__Exercise__
Reproduce all of the data exactly. Images are not to appear in the reply.

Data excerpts

★ ★ ★ ★ ★ ★ ★

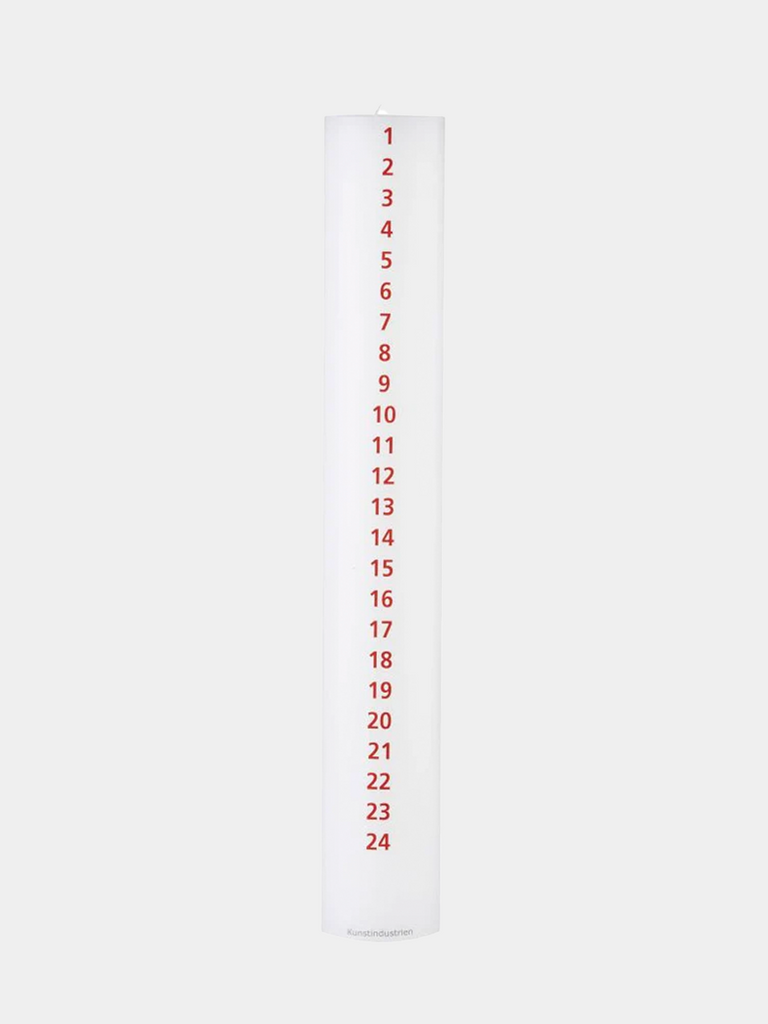 Fint stort kalenderlys fra Kunstindustrien med røde tal, der tæller alle dage fra 1 - 24.  Lyset er 6 cm i diameter og 40 cm højt og har 150 brændetimer.
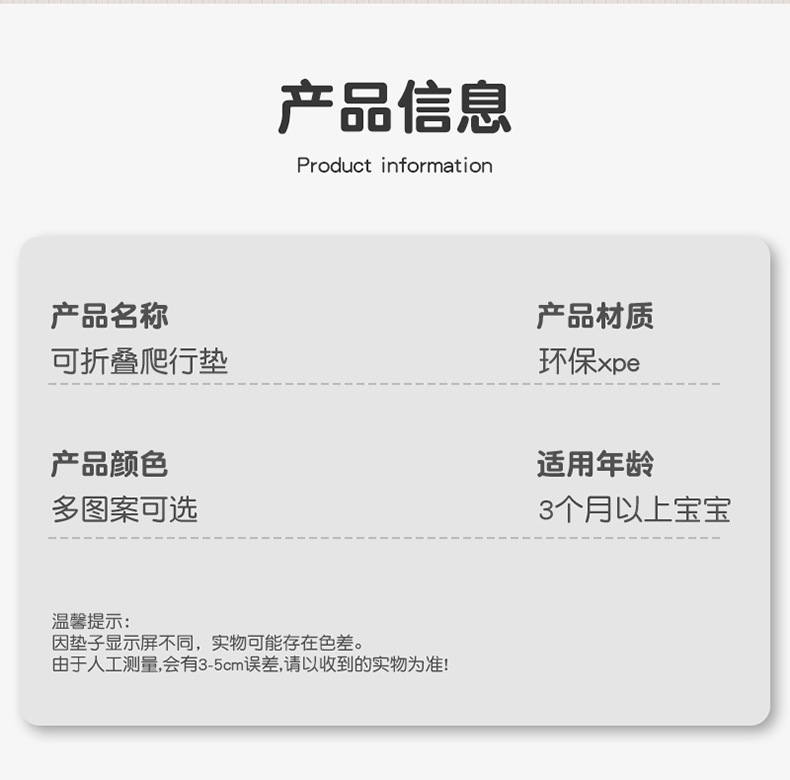 宝宝加厚爬行垫爬爬垫可折叠婴儿童泡沫地垫隔凉家用卧室垫子
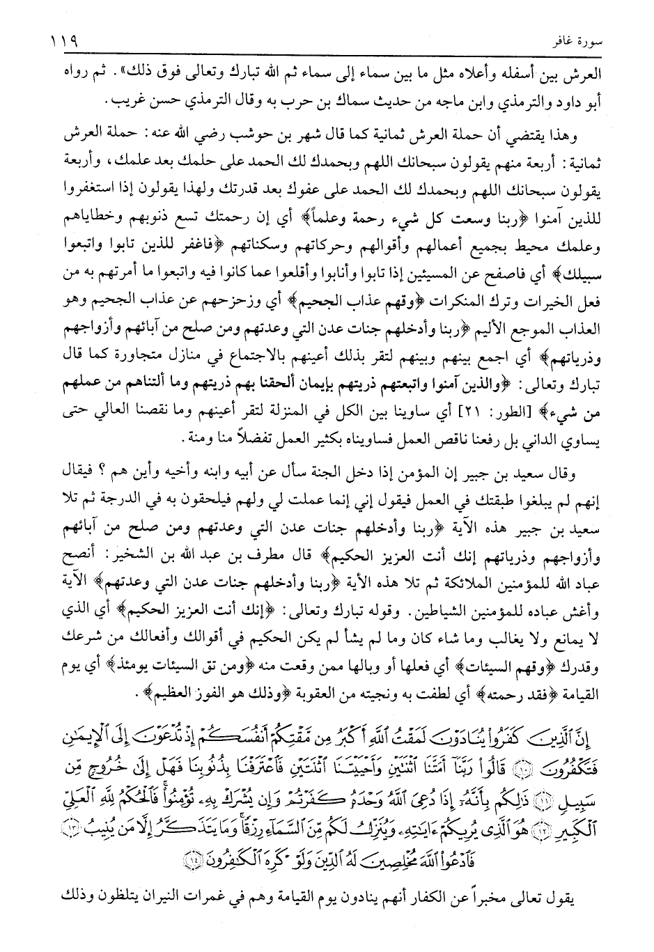 وَهَذَا يَقْتَضِي أَنَّ حَمَلَةَ الْعَرْشِ ثَمَانِيَةٌ كَمَا قَالَ شَهْرُ بن حوشب رضي الله عنه: حَمَلَةُ الْعَرْشِ ثَمَانِيَةٌ: أَرْبَعَةٌ مِنْهُمْ يَقُولُونَ سُبْحَانَكَ اللَّهُمَّ وَبِحَمْدِكَ لَكَ الْحَمْدُ عَلَى حِلْمِكَ بَعْدَ عِلْمِكَ، وَأَرْبَعَةٌ يَقُولُونَ سُبْحَانَكَ اللَّهُمَّ وَبِحَمْدِكَ لَكَ الْحَمْدُ عَلَى عَفْوِكَ بَعْدَ قُدْرَتِكَ وَلِهَذَا يَقُولُونَ إِذَا اسْتَغْفَرُوا لِلَّذِينِ آمَنُوا رَبَّنا وَسِعْتَ كُلَّ شَيْءٍ رَحْمَةً وَعِلْماً أَيْ إِنَّ رَحْمَتَكَ تَسَعُ ذُنُوبَهُمْ وَخَطَايَاهُمْ وَعِلْمُكَ مُحِيطٌ بِجَمِيعِ أَعْمَالِهِمْ وَأَقْوَالِهِمْ وَحَرَكَاتِهِمْ وَسَكَنَاتِهِمْ فَاغْفِرْ لِلَّذِينَ تابُوا وَاتَّبَعُوا سَبِيلَكَ أَيْ فَاصْفَحْ عَنِ الْمُسِيئِينَ إِذَا تَابُوا وَأَنَابُوا وَأَقْلَعُوا عَمَّا كَانُوا فِيهِ وَاتَّبَعُوا مَا أَمَرْتَهُمْ بِهِ مِنْ فِعْلِ الْخَيْرَاتِ وَتَرْكِ الْمُنْكَرَاتِ وَقِهِمْ عَذابَ الْجَحِيمِ أَيْ وَزَحْزِحْهُمْ عَنْ عَذَابِ الْجَحِيمِ وَهُوَ الْعَذَابُ الْمُوجِعُ الْأَلِيمُ رَبَّنا وَأَدْخِلْهُمْ جَنَّاتِ عَدْنٍ الَّتِي وَعَدْتَهُمْ وَمَنْ صَلَحَ مِنْ آبائِهِمْ وَأَزْواجِهِمْ وَذُرِّيَّاتِهِمْ أَيْ اجْمَعْ بَيْنَهُمْ وَبَيْنَهُمْ لِتَقَرَّ بِذَلِكَ أَعْيُنُهُمْ بِالِاجْتِمَاعِ فِي مَنَازِلَ متجاورة كما قال تبارك وتعالى: وَالَّذِينَ آمَنُوا وَاتَّبَعَتْهُمْ ذُرِّيَّتُهُمْ بِإِيمانٍ أَلْحَقْنا بِهِمْ ذُرِّيَّتَهُمْ وَما أَلَتْناهُمْ مِنْ عَمَلِهِمْ مِنْ شَيْءٍ [الطُّورِ: 21] أَيْ سَاوَيْنَا بَيْنَ الْكُلِّ فِي الْمَنْزِلَةِ لِتَقَرَّ أَعْيُنُهُمْ وَمَا نَقَصْنَا الْعَالِيَ حَتَّى يُسَاوِيَ الداني بل رفعنا ناقص الْعَمَلِ فَسَاوَيْنَاهُ بِكَثِيرِ الْعَمَلِ تُفَضُّلًا مِنَّا وَمِنَّةً.
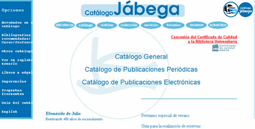 Vamos a utilizar el catálogo de la Biblioteca de la Universidad de Málaga. La dirección es: http://jabega.uma.es
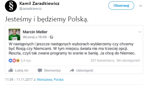 "W następnych i jeszcze następnych wyborach wybierzemy czy chcemy być Rosją czy Niemcami. W tym miejscu świata nie ma trzeciej opcji. Reszta, czyli tak zwane programy to sr***e w banię. Ja chcę do Niemiec."- pisze Meller na Facebooku.
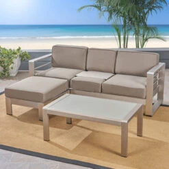3 pieces feature a sleek and modern anodized aluminum frame; the couch’s cushions are thick, inviting, and weather-resistant
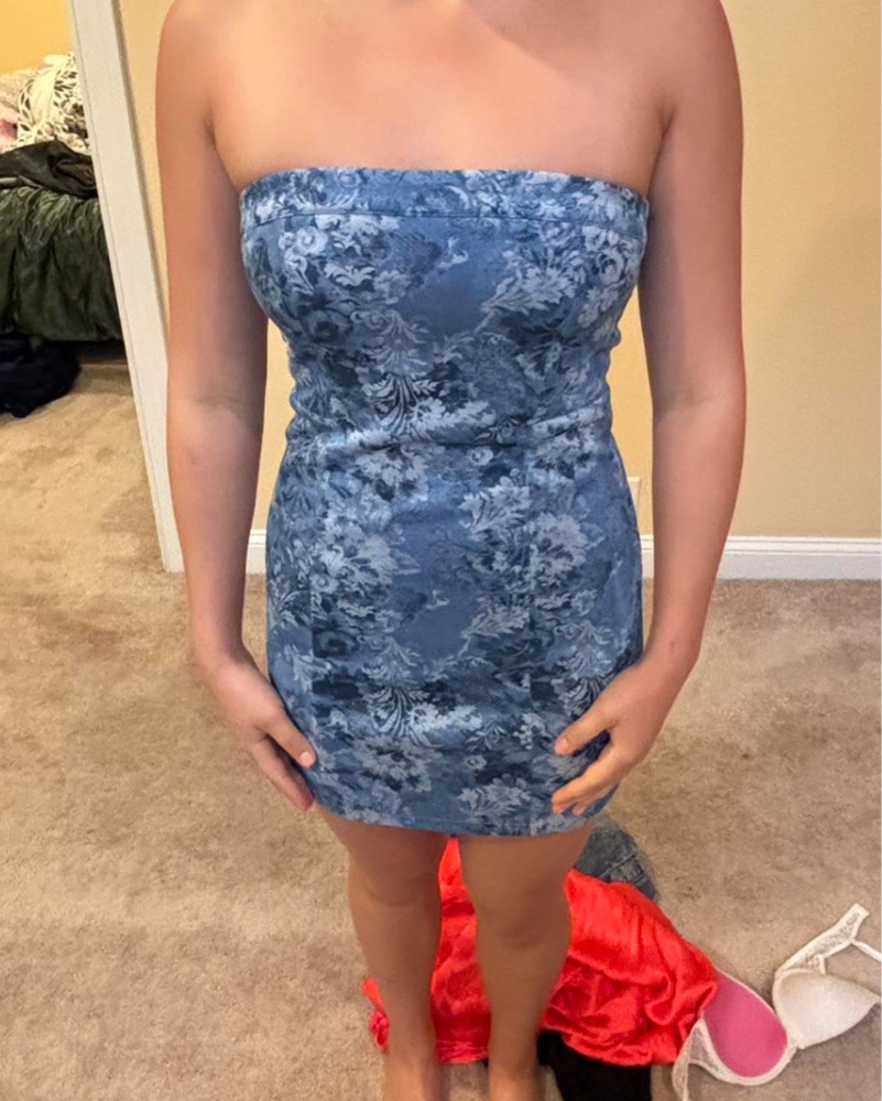 Blue Floral Strapless Mini Dress

★ ★ ★ ★ ★ ★ ★

__Answer area__
 Fint stort kalenderlys fra Kunstindustrien med røde tal, der tæller alle dage fra 1 - 24.  Lyset er 6 cm i diameter og 40 cm højt og har 150 brændetimer.
 宝宝加厚爬行垫爬爬垫可折叠婴儿童泡沫地垫隔凉家用卧室垫子
 وَهَذَا يَقْتَضِي أَنَّ حَمَلَةَ الْعَرْشِ ثَمَانِيَةٌ كَمَا قَالَ شَهْرُ بن حوشب رضي الله عنه: حَمَلَةُ الْعَرْشِ ثَمَانِيَةٌ: أَرْبَعَةٌ مِنْهُمْ يَقُولُونَ سُبْحَانَكَ اللَّهُمَّ وَبِحَمْدِكَ لَكَ الْحَمْدُ عَلَى حِلْمِكَ بَعْدَ عِلْمِكَ، وَأَرْبَعَةٌ يَقُولُونَ سُبْحَانَكَ اللَّهُمَّ وَبِحَمْدِكَ لَكَ الْحَمْدُ عَلَى عَفْوِكَ بَعْدَ قُدْرَتِكَ وَلِهَذَا يَقُولُونَ إِذَا اسْتَغْفَرُوا لِلَّذِينِ آمَنُوا رَبَّنا وَسِعْتَ كُلَّ شَيْءٍ رَحْمَةً وَعِلْماً أَيْ إِنَّ رَحْمَتَكَ تَسَعُ ذُنُوبَهُمْ وَخَطَايَاهُمْ وَعِلْمُكَ مُحِيطٌ بِجَمِيعِ أَعْمَالِهِمْ وَأَقْوَالِهِمْ وَحَرَكَاتِهِمْ وَسَكَنَاتِهِمْ فَاغْفِرْ لِلَّذِينَ تابُوا وَاتَّبَعُوا سَبِيلَكَ أَيْ فَاصْفَحْ عَنِ الْمُسِيئِينَ إِذَا تَابُوا وَأَنَابُوا وَأَقْلَعُوا عَمَّا كَانُوا فِيهِ وَاتَّبَعُوا مَا أَمَرْتَهُمْ بِهِ مِنْ فِعْلِ الْخَيْرَاتِ وَتَرْكِ الْمُنْكَرَاتِ وَقِهِمْ عَذابَ الْجَحِيمِ أَيْ وَزَحْزِحْهُمْ عَنْ عَذَابِ الْجَحِيمِ وَهُوَ الْعَذَابُ الْمُوجِعُ الْأَلِيمُ رَبَّنا وَأَدْخِلْهُمْ جَنَّاتِ عَدْنٍ الَّتِي وَعَدْتَهُمْ وَمَنْ صَلَحَ مِنْ آبائِهِمْ وَأَزْواجِهِمْ وَذُرِّيَّاتِهِمْ أَيْ اجْمَعْ بَيْنَهُمْ وَبَيْنَهُمْ لِتَقَرَّ بِذَلِكَ أَعْيُنُهُمْ بِالِاجْتِمَاعِ فِي مَنَازِلَ متجاورة كما قال تبارك وتعالى: وَالَّذِينَ آمَنُوا وَاتَّبَعَتْهُمْ ذُرِّيَّتُهُمْ بِإِيمانٍ أَلْحَقْنا بِهِمْ ذُرِّيَّتَهُمْ وَما أَلَتْناهُمْ مِنْ عَمَلِهِمْ مِنْ شَيْءٍ [الطُّورِ: 21] أَيْ سَاوَيْنَا بَيْنَ الْكُلِّ فِي الْمَنْزِلَةِ لِتَقَرَّ أَعْيُنُهُمْ وَمَا نَقَصْنَا الْعَالِيَ حَتَّى يُسَاوِيَ الداني بل رفعنا ناقص الْعَمَلِ فَسَاوَيْنَاهُ بِكَثِيرِ الْعَمَلِ تُفَضُّلًا مِنَّا وَمِنَّةً.
 Vamos a utilizar el catálogo de la Biblioteca de la Universidad de Málaga. La dirección es: http://jabega.uma.es
 "W następnych i jeszcze następnych wyborach wybierzemy czy chcemy być Rosją czy Niemcami. W tym miejscu świata nie ma trzeciej opcji. Reszta, czyli tak zwane programy to sr***e w banię. Ja chcę do Niemiec."- pisze Meller na Facebooku.
3 pieces feature a sleek and modern anodized aluminum frame; the couch’s cushions are thick, inviting, and weather-resistant
 Blue Floral Strapless Mini Dress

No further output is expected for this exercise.